The reason why the modem is used for transmitting and receiving the data is for the user who cannot easily obtain the Internet-enabled line and the user who cannot use the computer easily. On the other hand, telephone lines are available in all regions and most people can find telephone line ports, making them suitable for use.

As described above, when the data is to be updated using the telephone line, as shown in FIG. 6, when the user sets the modem mode (U1) and connects the modem line to the port to which the telephone line is connected (U2), The master processor 240 in charge of the GPS receiver 200 connects to the ISP and performs a connection with the server (U3).

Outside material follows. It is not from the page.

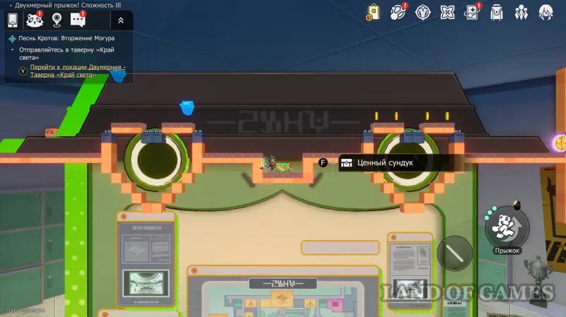 Переместившись на дальнюю карту уровня, поднимаемся вправо (в противоположную от указателей сторону) и прыгаем в портал снизу. В передней части карты пробегаем влево, через коридорчик из движущихся шипованных колонн, и собираем в конце сундучок.

In this case, as described above, it can be seen that the TCP / IP modem 260 is connected to a telephone line and the server is connected to the Internet. In order to connect the two networks, an ISP is required between the telephone network and the Internet.

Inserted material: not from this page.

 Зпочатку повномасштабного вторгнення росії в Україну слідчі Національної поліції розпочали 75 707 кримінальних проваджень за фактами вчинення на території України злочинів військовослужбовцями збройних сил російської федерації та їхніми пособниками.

After that, a user authentication process is performed (U4), and it is more convenient to have a password or ID storage function used for this purpose.

As described above, after the user authentication process, the data is downloaded from the data provider according to the last data update date, and then the data stored by the user is uploaded (U5). The order of these downloads and uploads can be interchanged.

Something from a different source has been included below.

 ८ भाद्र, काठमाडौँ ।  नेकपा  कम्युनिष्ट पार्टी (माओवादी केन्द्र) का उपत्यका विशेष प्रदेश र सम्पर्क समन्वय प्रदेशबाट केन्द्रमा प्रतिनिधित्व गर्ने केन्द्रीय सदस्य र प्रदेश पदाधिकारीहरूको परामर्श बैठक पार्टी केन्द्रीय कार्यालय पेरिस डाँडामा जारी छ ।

As described above, when the data update is completed, the original function is performed after removing the telephone line connected thereto and ending the communication state (U6).

As described above, the present invention induces the driver to drive safely by using the GPS position information and the signal detection function of the radar detector, and when it detects an additional dangerous situation, it can only be warned later in this situation. Rather, it is an invention having the effect of updating the location information data without the need for a separate device using a telephone line.

Claims (8)

delete A radar detector comprising a horn antenna, a signal processor for detecting a signal received by the horn antenna, a laser module for receiving a laser signal, and a slave processor for controlling detection of signals of the signal processor and the laser module; A GPS antenna for receiving a signal from a GPS satellite, a GPS module for determining a current position from the received signal and calculating other additional information, and a location information data connected to the slave processor and stored in a memory. A GPS receiver including a master processor for determining whether a current location and location information data fall within a predetermined range, and a data transceiver for updating the location information data by connecting to a server; And a warning unit connected to the master processor and configured to include a warning unit that receives the received signals from the radar detector and the GPS receiver and warns the received signals. The method of claim 2, wherein the master processor suspends the process of the GPS receiver by using an interrupt when a signal is detected by the radar detector, and transmits and returns the signal detected by the radar detector to the warning unit. Vehicle driving warning device is combined with the GPS and the radar detector. delete The apparatus of claim 2, wherein the data transmitting and receiving device Vehicle driving warning device combined with GPS and radar detector, characterized in that using a modem to connect to the server to access the PSTN network. The method of claim 5, wherein the modem A vehicle driving warning system incorporating a GPS and a radar detector, using a TCP / IP modem including a TCP / IP stack and including a PPP dial up function. The method of claim 2, wherein when a new danger zone or danger element is found that is not included in the location information data, the user stores the data in a memory using an input device so that the user can be alerted later using the stored data. Vehicle driving warning device which is characterized by GPS and radar detector. 8. The vehicle driving warning apparatus according to claim 7, wherein the data stored by the user using the input device can be uploaded to a server so that other users can use the data.